** TASK **
Pictures in the listing below are skipped, while the lines from the "Wema Bank has" line through the "Google’s research team" line are returned word for word.

** EXTRACTED RECORDS **
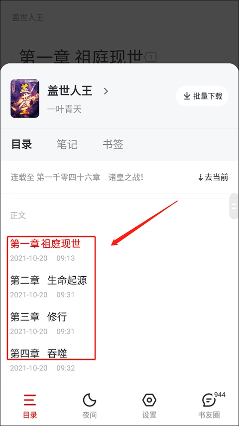 4、在这里我们就能够看见小说的全部章节内容,用户点击该章节标题,就能够快速的进入到该章节内容。
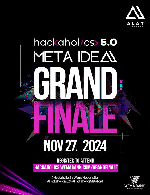 Wema Bank has announced the grand finale of the 5th edition of its flagship youth and startup-focused tech competition, Hackaholics.
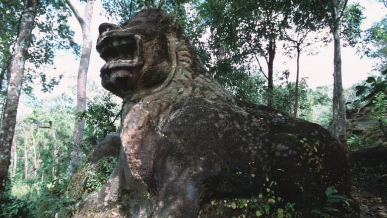 Mahendraparvata was one of the first capitals in the Khmer Empire, which lasted from the 9th to 15th centuries AD, but much of what we know come from inscriptions recovered from other sites. Scientists theorized that the city was located on the Phnom Kulen plateau, about 48 kilometers (about 30 miles) north of Siem Reap, but it was difficult to find evidence. The plateau was remote, inaccessible, covered with vegetation, and potentially home to landmines installed by the Khmer Rouge regime in the 1970s.
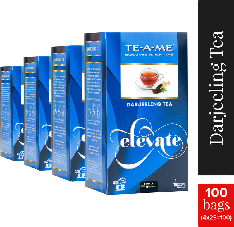 TE-A-ME Darjeeling Pack of 4 (4 X 25 = 100 Tea Bags) Unflavo ...
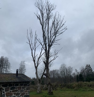 Arboristile,puude langetamine,2 suurt saare puud ja 1 väiksem kuivanud kuusk.
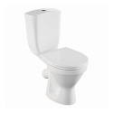 Тип: унитаз-компакт, напольный • Чаша: воронкообразная, полукруглая • Слив: косой • Подвод: нижний • Материал: санфарфор
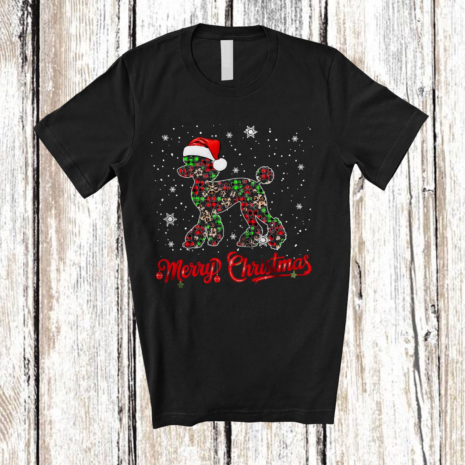 Merry Christmas; Fantastic X-mas Santa Poodle Shape Plaid Paws; Pajamas Family Group T-Shirt. This cotton t-shirt is a durable staple product with a classic fit. One of the most popular items, it has a relaxed style made for everyday and casual wear.
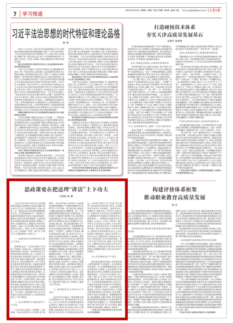 建强马克思主义学院“第一学院”、做优马克思主义学科“第一学科”、讲好思政课“第一主课”离不开对理论的研究阐释和对教学的探索实践。马克思主义学院学期伊始即启动重大宣传理论阵地发声和资政攻坚工作,组织团队进行培育。6月26日,《天津日报》刊发马克思主义学院王军杰、张振两位教师的理论文章《思政课要在把道理“讲活”上下功夫》,实现学院思政课教研模式在重大宣传理论阵地发声零的突破,展现了马院在思想政治理论课改革创新、教学科研成果培育方面的建设成效。
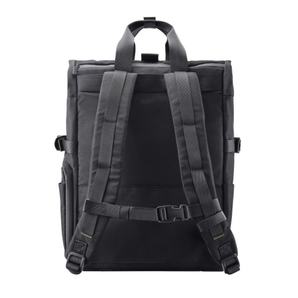 Для зберігання пляшок, парасольок або штативів передбачені функціональні ремені збоку та знизу, а регульований нагрудний ремінь знижує навантаження на плечі під час тривалого носіння.
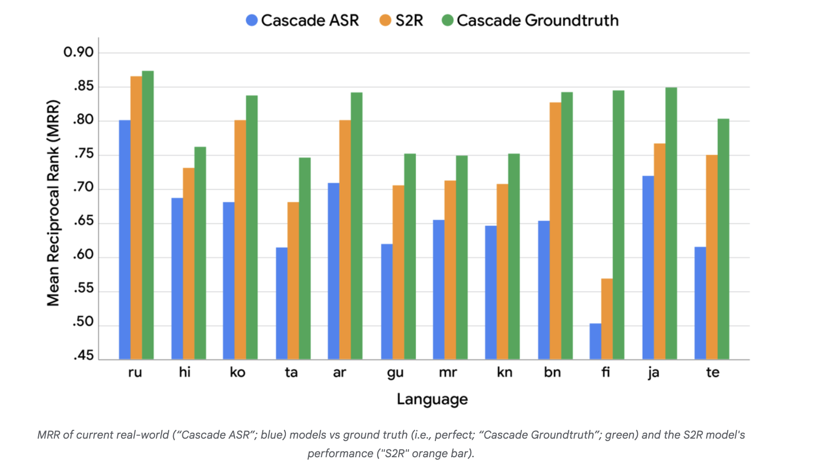 Google’s research team analyzed the disconnect between word error rate (WER) (ASR quality) and mean reciprocal rank (MRR) (retrieval quality). Using human-verified transcripts to simulate a cascade groundtruth “perfect ASR” condition, the team compared (i) Cascade ASR (real-world baseline) vs (ii) Cascade groundtruth (upper bound) and observed that lower WER does not reliably predict higher MRR across languages. The persistent MRR gap between the baseline and groundtruth indicates room for models that optimize retrieval intent directly from audio.
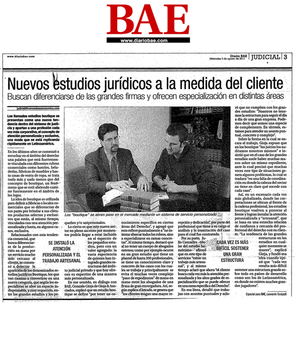 9 Ago 2011 A la orden del cliente por pyramint | publicado en: Uncategorized | 0 Nuevos estudios jurídicos buscan diferenciarse.
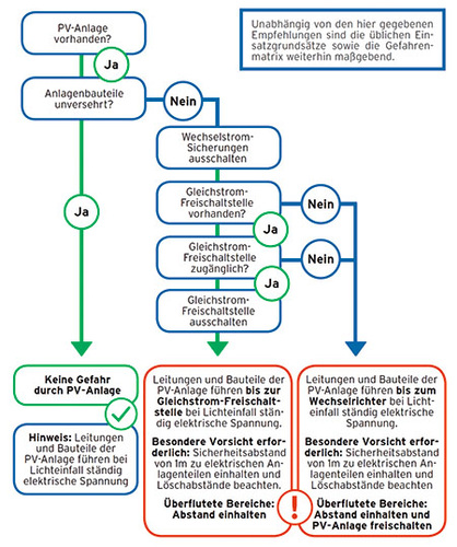 Der Umgang mit PV-Anlagen im Brandfall ist Sache der Profis. Aus diesem Grunde werden hier auch keine ausführlichen Empfehlungen zur Sache dargelegt. Nach dem Lesen dieses Berichts ist man ausdrücklich nicht eine ausgewiesene Hilfskraft für das Löschen von Gebäuden in unmittelbarer Nähe von PV-Anlagen. Nur ist es wichtig zur eigenen Sicherheit diese Phänomene zu kennen und sich entsprechend im eigenen Arbeitsumfeld zu verhalten. Denn auch auf den Anlagenmechaniker kommt der unmittelbare Kontakt mit diesen flach gewalzten Kraftwerken immer häufiger zu. Und zur Beruhigung derer, die PV-Module auf dem Dach haben sei noch erwähnt: Die Feuerwehr löscht natürlich trotzdem, aber eben noch ein bisschen vorsichtiger.
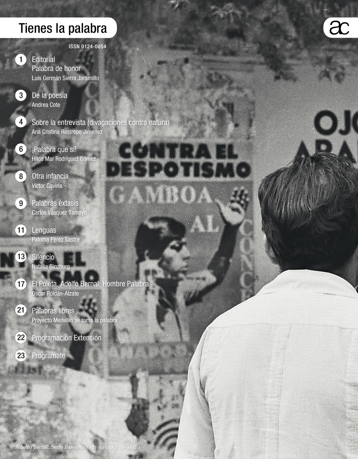 Cuando los artículo o fotografías son extraídos de otras publicaciones, se intenta contactar a los autores para su autorización. En caso de que dicho contacto no resulte posible, se publica el material con base en el artículo 32 de la ley 23 de 1982, dado el carácter académico de la distribución gratuita de la Agenda Cultural.
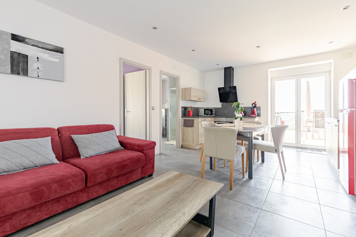 Tam təmirli mənzil, kiçik bir evdə. İnteqrasiya edilmiş mətbəx, hamam otağı, yataq otağında ikinəfərlik çarpayı və ikinəfərlik divan-çarpayı, istəyə uyğun olaraq qatlanan çarpayı əlavə etmək mümkündür. Böyük meşə massivinin ortasında, Dabo qayasına heyran ola və onu ziyarət edə biləcəyiniz kiçik bir kəndin sakit küçəsində yerləşən ev. Yaxınlıqdakı bir neçə gəzinti cığırı.
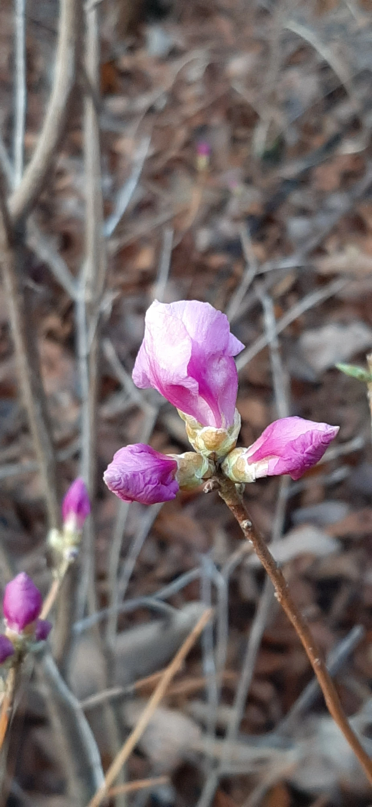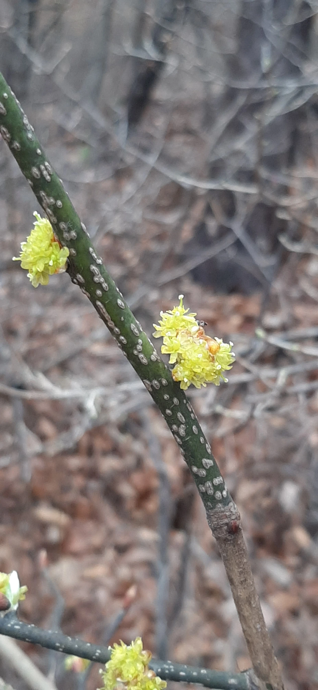 나뭇가지에 매달린 알 수 없는 곤충의 집 그리고 이제 막 자신의 존재를 알리기 시작하는 산수유와 진달래를 보면서
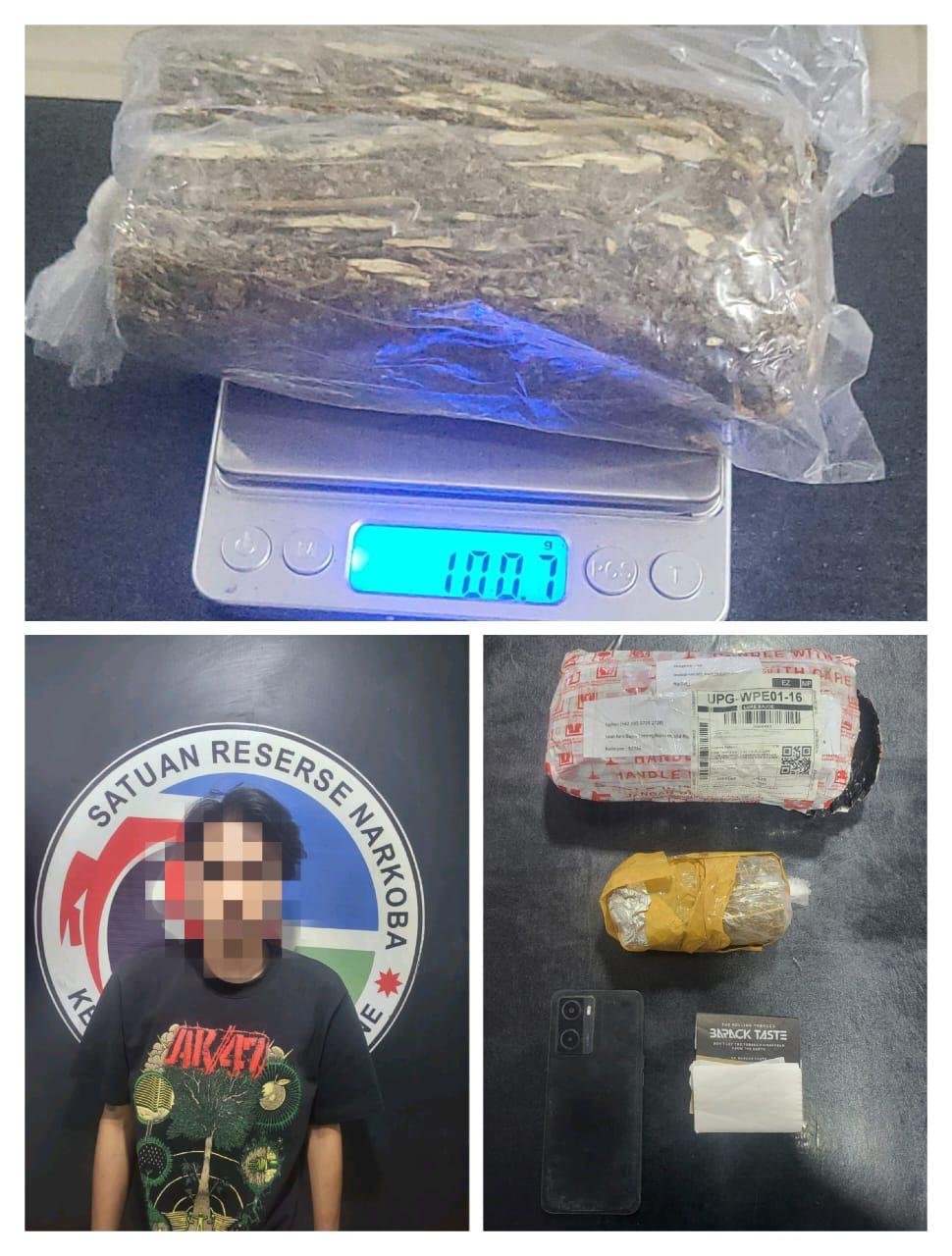 Lebih lanjut, Kasat Narkoba mengatakan bahwa, pada saat dilakukan penggeledahan terhadap pelaku, ditemukan 1 buah paket diduga tanaman ganja yang tersimpan dalam plastik packingan Paket yang baru saja diterima dari kurir JNT dan 1 set kertas lintingan ganja.
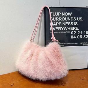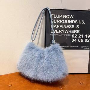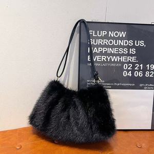 网红新款手提毛毛包秋冬欧美复古风时尚单肩包高级感日常百搭包包
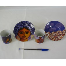 CONJUNTO DE DUAS XÍCARAS E PIRES PARA CAFÉ, EM CERÂMICA BRANCA. AS XÍCARAS POSSUEM TODA A PARTE EXTERNA PINTADA, COM DESENHOS DE CÁNDIDO BIDÓ. UMA MOSTRA A MÃE ABRAÇADA AO FILHO, FAZENDO CONJUNTO COM PIRES, ONDE HÁ O ROSTO DA MÃE PINTADO; A OUTRA, UMA MULHER, DE PERFIL, COM DIVERSAS FOLHAS EM VOLTA DO CABELO E DUAS POMBAS NA LATERAL, E O PIRES COM PINTURA DE FLORES. EM AMBOS PREDOMINAM OS TONS DE LILÁS, AZUL E MARROM. ACOMPANHA FOLHETO COM INFORMAÇÕES SOBRE O AUTOR E AS PEÇAS. ACONDICIONADO EM CAIXA DE PAPELÃO (37X16X6 CM) COM AS MESMAS PINTURAS REPRODUZIDAS NA TAMPA E A INSCRIÇÃO 'ARTE DE CAFÉ / COLECCIÓN LIMITADA / BIDO / CÁNDIDO BIDÓ / 2 TAZAS DE CAFÉ'.
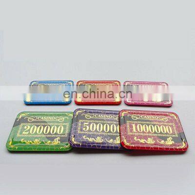Related ProductProduct Description-Step up your game of poker or teen patti with these massive rectangular poker bricks / plaques.-Each fillet weighs 6.8 x 4.8 cm-14.5 grams, 8.1 x 5.6 cm-22 grams, 9.4 x 6.6 cm-34.2 grams, making them much heavier than normal chips. However, you can still shuffle and play with them like traditional round poker chips. -These poker plaques make a great gift idea for any poker enthusiast and add a unique touch to any game.Product DetailsProduct namePoker ChipsColorRed, Purple, Green, Blue, Light green, Pink, YellowMaterialAcrylicSize & Weight6.8 x 4.8 cm-14.5 grams8.1 x 5.6 cm-22 grams9.4 x 6.6 cm-34.2 gramsPacking Size11 x 8 x 1 cmPacking Weight0.07 kgOEMAcceptedProduct ShowsCompany ProfileOur ServiceExpress Delivery by FedEx, DHL, TNT, UPS, EMS Shipment Weight1 - 45 kg45 - 200 kgor MoreMode of ShipmentBy CourierBy Courier / AirBy Air / SeaLead Time5 - 7 days5 - 7 days5 - 7 days30 days to Europe / USADoor to door delivery carrier includes: DHL, Fedex, UPS, TNT, EMS etc.A full range of sea and air logistics to provide you with the most convenientlogistics experience, rapid response to save your time.Payment TermsTrade AssurancePayPal / Secured PaymentWestern UnionBank TransferFor any amount< $ 5000For any amountFor any amountFrequently Asked QuestionsQ: Why choose us?• Lowest factory price with good quality• Low Minimum Order Quantity • Free sample to check quality• We also accept trade assurance order to protect buyerQ: What kind of method do you use to put customized logo?• Silk screen printing • Laser engraving • Etching• Stamping• Embossing / Debossing and any other mode you wantQ: How to save sample cost?• Stocked item, no MOQ. Small batch production also welcomedQ: How to get a sample?• We can supply free sample of standard product, you just need to bear the shipping cost.• For customized sample, please contact us for sample cost.Q: What is sample time and production?• Existing sample: 2-3 days• Customized sample: 7-10 days• Mass Production Time: 25-30 daysQ: What is your shipment term?• We can send your shipment by Sea / Air / Door to door courier, depends on the shipment size we can give you suggestions.• As we are sending shipments frequently by courier , we are getting good discount from the carrier, and we will transfer the benefit to you.Q: What is your term of payment?• We are quite flexible about payment, we accept T/T, PayPal, Western Union, Trade Assurance, etc.Contact DetailsPhone Number0086-512-68080479 (Ext No.602)Email IDsales@esunrix.comWhatsApp+86 13606131434Skypesunrise-sales3WeChatesunrix

** SOLUTION TO THE EXERCISE **
 Wema Bank has announced the grand finale of the 5th edition of its flagship youth and startup-focused tech competition, Hackaholics.
 Mahendraparvata was one of the first capitals in the Khmer Empire, which lasted from the 9th to 15th centuries AD, but much of what we know come from inscriptions recovered from other sites. Scientists theorized that the city was located on the Phnom Kulen plateau, about 48 kilometers (about 30 miles) north of Siem Reap, but it was difficult to find evidence. The plateau was remote, inaccessible, covered with vegetation, and potentially home to landmines installed by the Khmer Rouge regime in the 1970s.
 TE-A-ME Darjeeling Pack of 4 (4 X 25 = 100 Tea Bags) Unflavo ...
 Arboristile,puude langetamine,2 suurt saare puud ja 1 väiksem kuivanud kuusk.
 Тип: унитаз-компакт, напольный • Чаша: воронкообразная, полукруглая • Слив: косой • Подвод: нижний • Материал: санфарфор
 Merry Christmas; Fantastic X-mas Santa Poodle Shape Plaid Paws; Pajamas Family Group T-Shirt. This cotton t-shirt is a durable staple product with a classic fit. One of the most popular items, it has a relaxed style made for everyday and casual wear.
 建强马克思主义学院“第一学院”、做优马克思主义学科“第一学科”、讲好思政课“第一主课”离不开对理论的研究阐释和对教学的探索实践。马克思主义学院学期伊始即启动重大宣传理论阵地发声和资政攻坚工作,组织团队进行培育。6月26日,《天津日报》刊发马克思主义学院王军杰、张振两位教师的理论文章《思政课要在把道理“讲活”上下功夫》,实现学院思政课教研模式在重大宣传理论阵地发声零的突破,展现了马院在思想政治理论课改革创新、教学科研成果培育方面的建设成效。
 Для зберігання пляшок, парасольок або штативів передбачені функціональні ремені збоку та знизу, а регульований нагрудний ремінь знижує навантаження на плечі під час тривалого носіння.
 Google’s research team analyzed the disconnect between word error rate (WER) (ASR quality) and mean reciprocal rank (MRR) (retrieval quality). Using human-verified transcripts to simulate a cascade groundtruth “perfect ASR” condition, the team compared (i) Cascade ASR (real-world baseline) vs (ii) Cascade groundtruth (upper bound) and observed that lower WER does not reliably predict higher MRR across languages. The persistent MRR gap between the baseline and groundtruth indicates room for models that optimize retrieval intent directly from audio.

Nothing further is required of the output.